Some scholars have suggested that Smith either misunderstood, or with a flair for the dramatic, misrepresented a scripted adoption ceremony. After all, they point out, shortly after Smith's deliverance, Powhatan offered the young Englishman his own territory to rule; he made Smith, in effect, a werowance, or sub-chief, within his government. Others have suggested the gallant princess was a stock figure in Smith's storytelling repertoire. On an earlier occasion, he'd attributed his rescue from Turkish captors to another beautiful princess.

However we explain the famous episode in Powhatan's village, there's a great deal of importance within the figure and story of Pocahontas. She played a critical role in the history of the young colony, and her life reflected the ambitions of both the Native Americans and the English settlers—and the possibilities as well as the problems within their relationship.

Powhatan's View of Jamestown

John Smith and the other Jamestown settlers who landed in 1607 weren't the first Englishmen Powhatan and the Chesapeake Indians had ever seen. 

Other ships had sailed up the Chesapeake before—an English vessel had visited as recently as 1603. And according to some scholars, the remnants of the failed Roanoke colony had been absorbed by the Croatoans—a tribe that lived just south of Powhatan's Pamunkeys. So, Powhatan's people weren't shocked by the appearance of the white-skinned settlers, nor were they particularly impressed by them. After all, the first Jamestown colonists were a small party—only 108 settlers arrived in 1607. Powhatan, on the other hand, governed a federation of roughly 30 communities and 9,000 people. Nor did the English seem likely to establish any sort of permanent community. For starters, there were no women among them. And the men didn't seem to be a particularly hardy group. Within weeks of their arrival, sickness raced through the settlement, and over the first winter, more than 60% of the settlers died.

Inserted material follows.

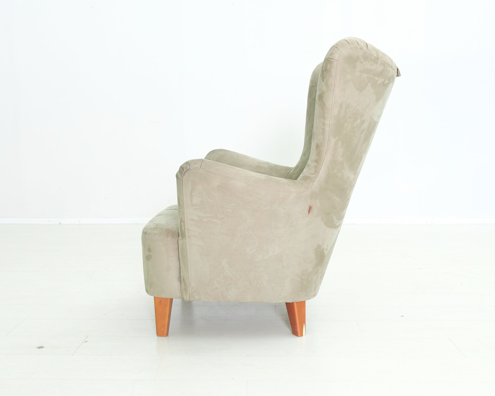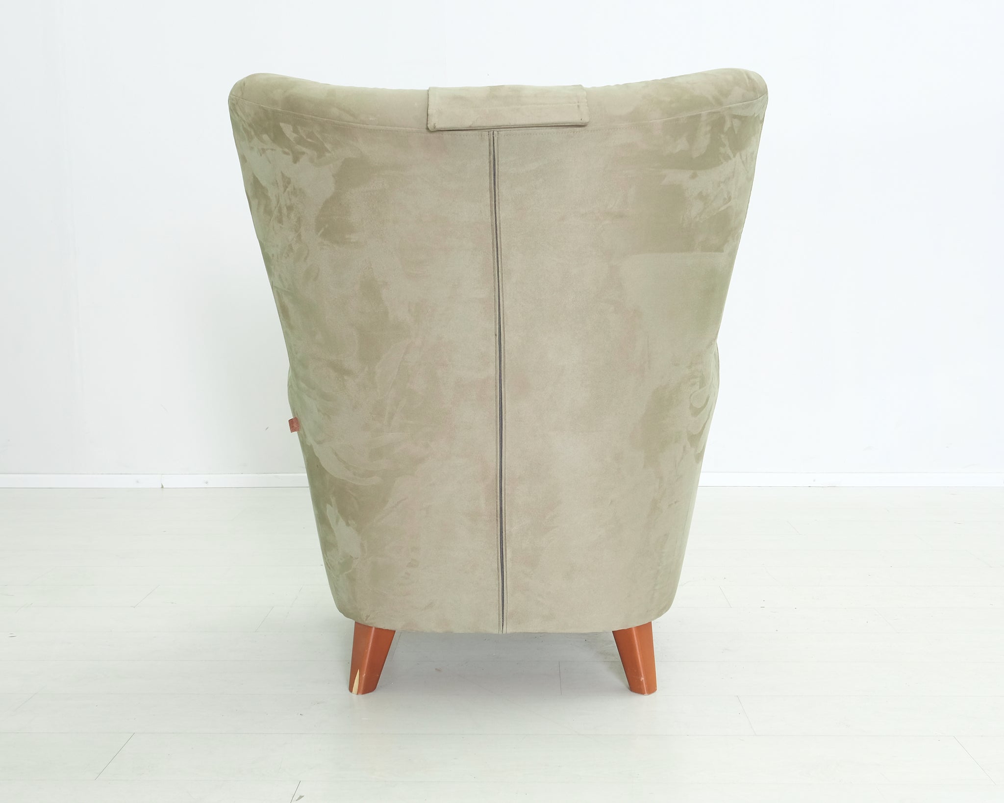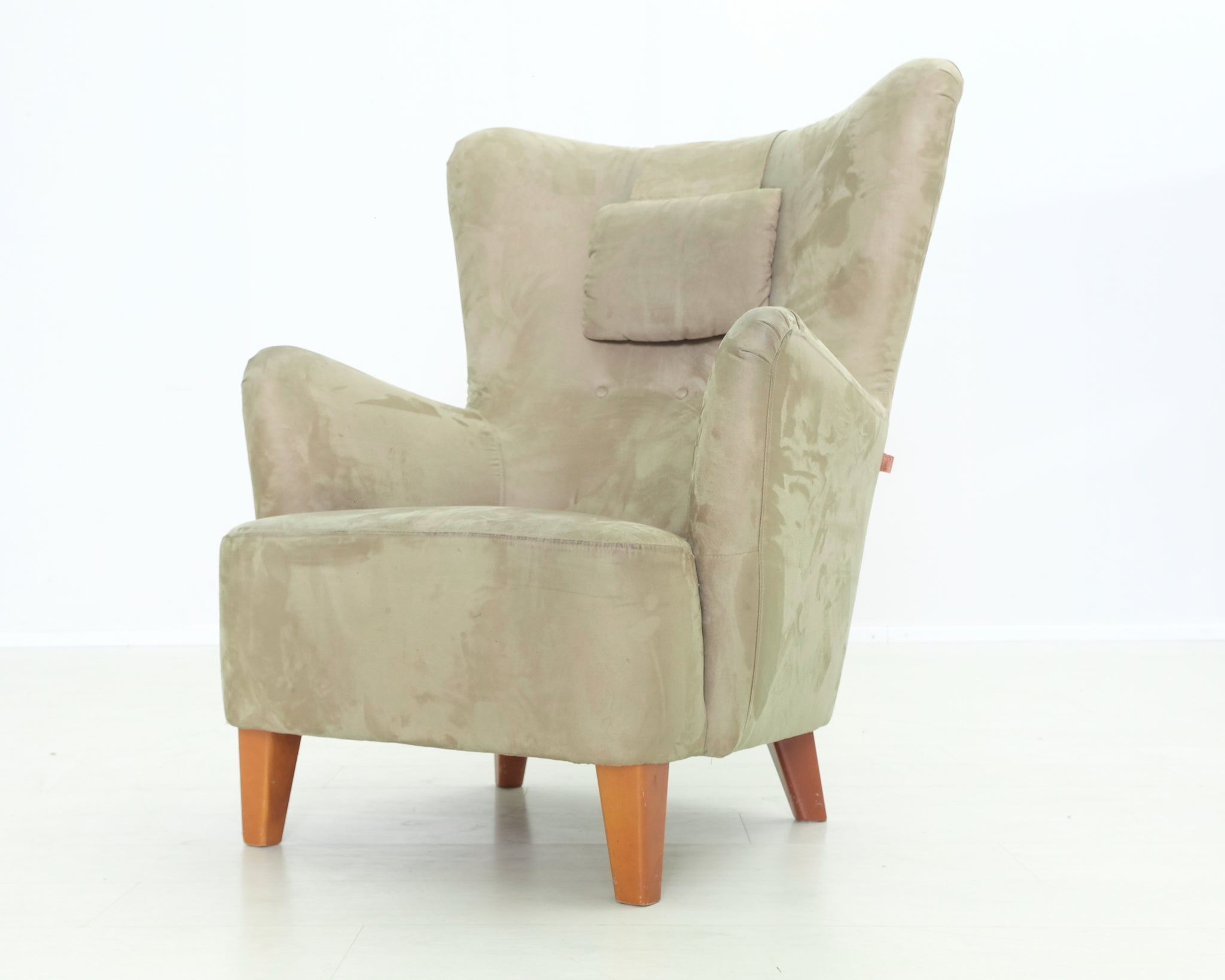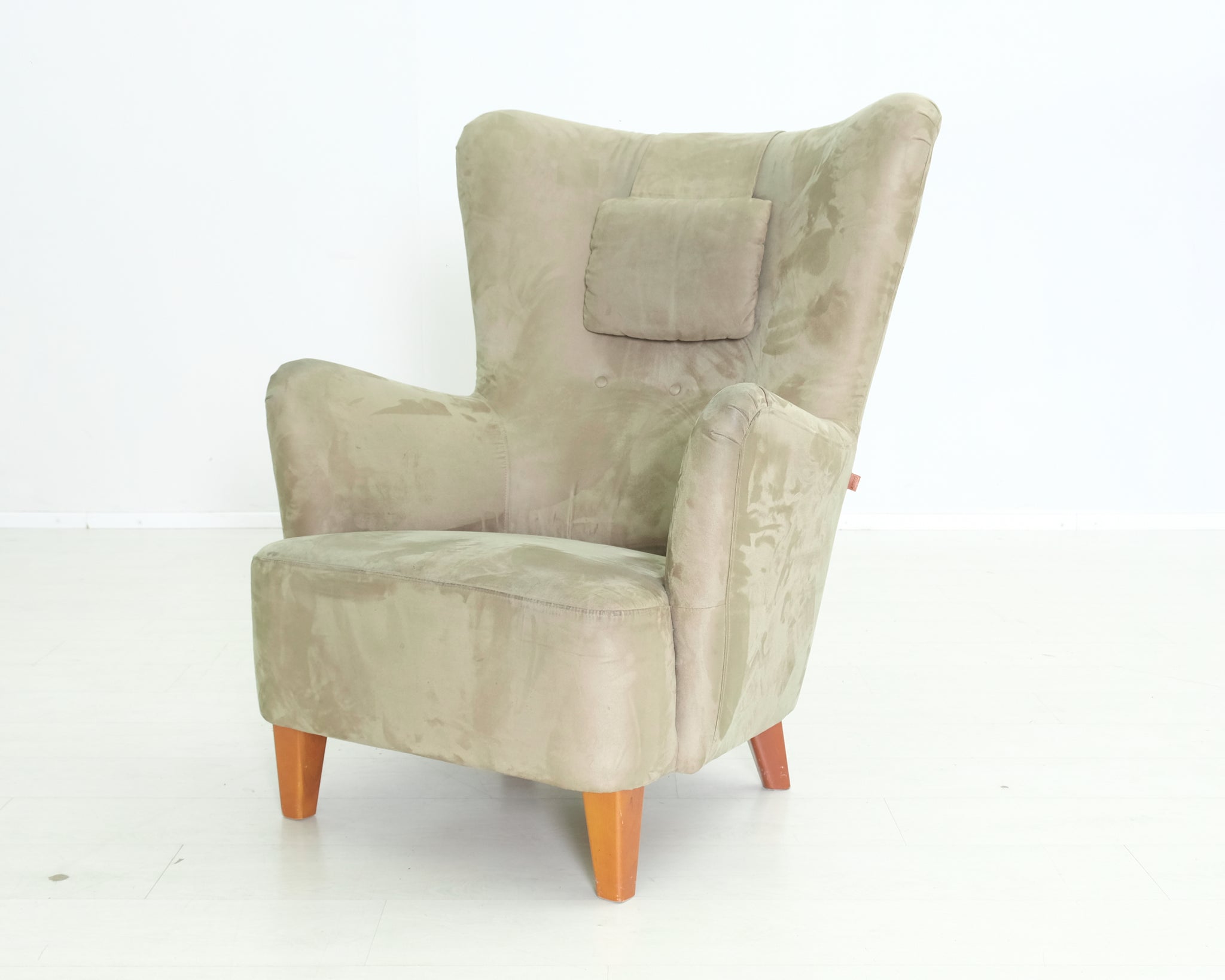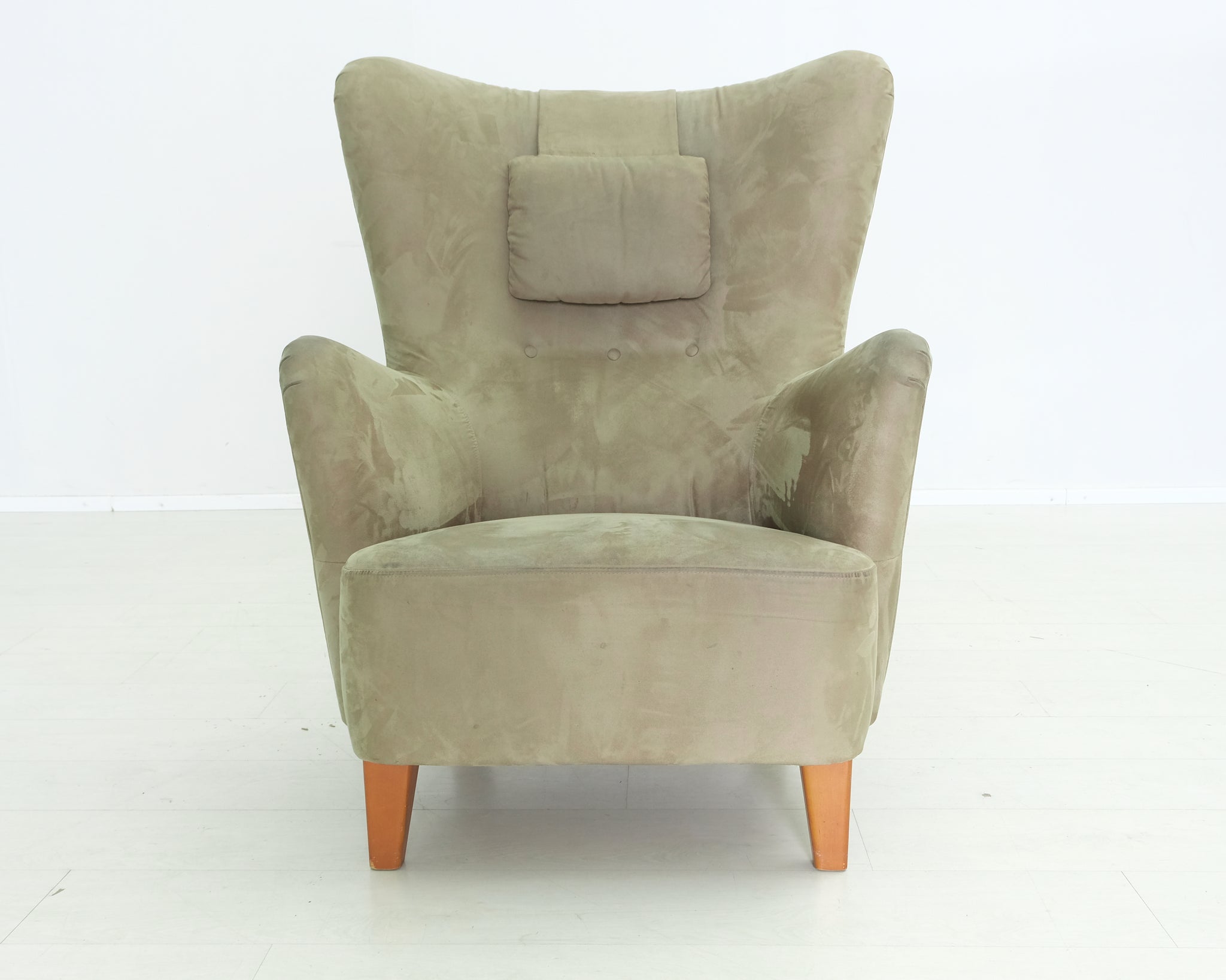 Tämän klassikkonojatuolin malli on peräisin 40-luvulta. Irrallinen niskatyyny tuo lisämukavuutta. Alcantara-verhoilu.

Initially, the Native Americans were somewhat unnerved by the muskets carried by the English—they made a tremendous amount of noise. But the Native Americans quickly learned that they took forever to load—a Native American could shoot four or five arrows in the time it took an Englishman to reload a musket—and at distances of more than a few yards the muskets were terribly inaccurate. Even the English recognized the gun's greatest threat lay in its mystery, recommending that only the best marksmen be allowed to shoot in front of the Native Americans—otherwise they would quickly learn "the weapon is not so terrible."12

In short, there were reasons not to be too alarmed by the arrival of the English settlers—and plenty of reasons to believe that they could be absorbed within the Chesapeake confederation just as other communities had been absorbed in the past. Given the strength of the Native Americans and the weakness of the English, Powhatan believed that trade could be established, the two peoples could intermarry, and a proven leader like John Smith could be offered a territory to govern.

Jamestown's View of Powhatan

The problem, of course, was that the English saw things differently. They carried to the New World a bundle of assumptions about European superiority, and they assumed that the Native Americans would quickly cower before English technology and power. 

So, just as Powhatan had offered Smith a subordinate position, the settlers attempted to make Powhatan a vassal of King James. But the Native American king quickly recognized the political significance lying behind the settlers' invitation to come to the English fort to receive a scepter and crown. 

"Your father is to come to me, not I to him," he told the English delegation sent to retrieve him.13 

The English did agree to take the ceremony to him—but the awkward ritual at Powhatan's village spoke volumes about the conflicting perceptions of the English and the Native Americans. Powhatan refused to stoop to receive the crown. Only by pushing down heavily on his shoulders were the English able to get him to bend enough to appease their egos.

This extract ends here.